Supporting someone with their mental health often involves handling sensitive and personal information. This document outlines the key principles of*confidentiality and data protection in line with UK law, to help you act responsibly and ethically in your role.

What is Confidentiality?

Confidentiality means keeping private information shared by an individual safe and secure, and only sharing it when absolutely necessary and appropriate.

Why it matters:

• Builds trust
• Encourages open conversation
• Respects individual rights
• Ensures ethical and legal standards are met

When to Keep Information Confidential

As a Mental Health First Aider or supporter, you should only share information if you have consent from the individual.

Situations where it is appropriate to maintain confidentiality:

• General conversations about wellbeing
• Disclosures that do not indicate risk
• When the individual is in control of their support decisions

Always:

• Keep notes secure (if needed, and only with consent)
• Avoid discussing details with colleagues or others unnecessarily
• Use anonymised information when discussing cases in supervision or training

When You May Need to Break Confidentiality

Confidentiality is not absolute. You must consider breaching confidentiality if:

• The individual is at immediate risk of serious harm to themselves or others
• A safeguarding concern is raised (especially involving children or vulnerable adults)
• There is knowledge of a serious crime being committed or likely to be committed

In these situations:

• Explain to the person why you may need to share the information
• Reassure them that it will be shared only with appropriate professionals
• Involve your line manager or safeguarding lead if applicable

Data Protection: Your Responsibilities

Under the UK General Data Protection Regulation (UK GDPR) and Data Protection Act 2018, any personal data you handle must be:

1. Used lawfully, fairly and transparently
2. Collected for clear, specific purposes
3. Relevant and limited to what is necessary
4. Accurate and kept up to date
5. Stored securely and only for as long as needed
6. Handled with integrity and confidentiality

Personal data includes names, contact details, health information, and any notes from conversations.
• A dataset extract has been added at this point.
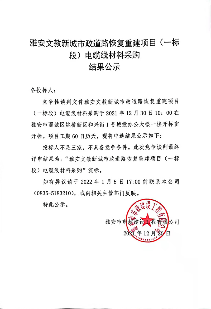 雅安文教新城市政道路恢復(fù)重建項(xiàng)目(一標(biāo)段)電纜線材料采購(gòu)競(jìng)爭(zhēng)性談判公告

Unless you are in a formal HR or clinical role, you should not store any written records of sensitive conversations unless:

• You have the individual’s permission
• You have a clear, secure place to store it
• Your organisation requires it as part of policy

Top Tips for Maintaining Confidentiality

• Always have conversations in a private, quiet space
• Don’t leave written notes lying around or in shared folders
• Don’t share information via unsecure email or messaging apps
• When in doubt, seek advice from a manager or safeguarding lead

Confidentiality is about respect and responsibility. Trust is built when people know they can share without fear of judgement or exposure. But there are times when safety must come first. When handled with care, honesty, and clear boundaries, confidentiality strengthens support and protects everyone involved.

This document is for guidance only and does not replace legal or organisational policy.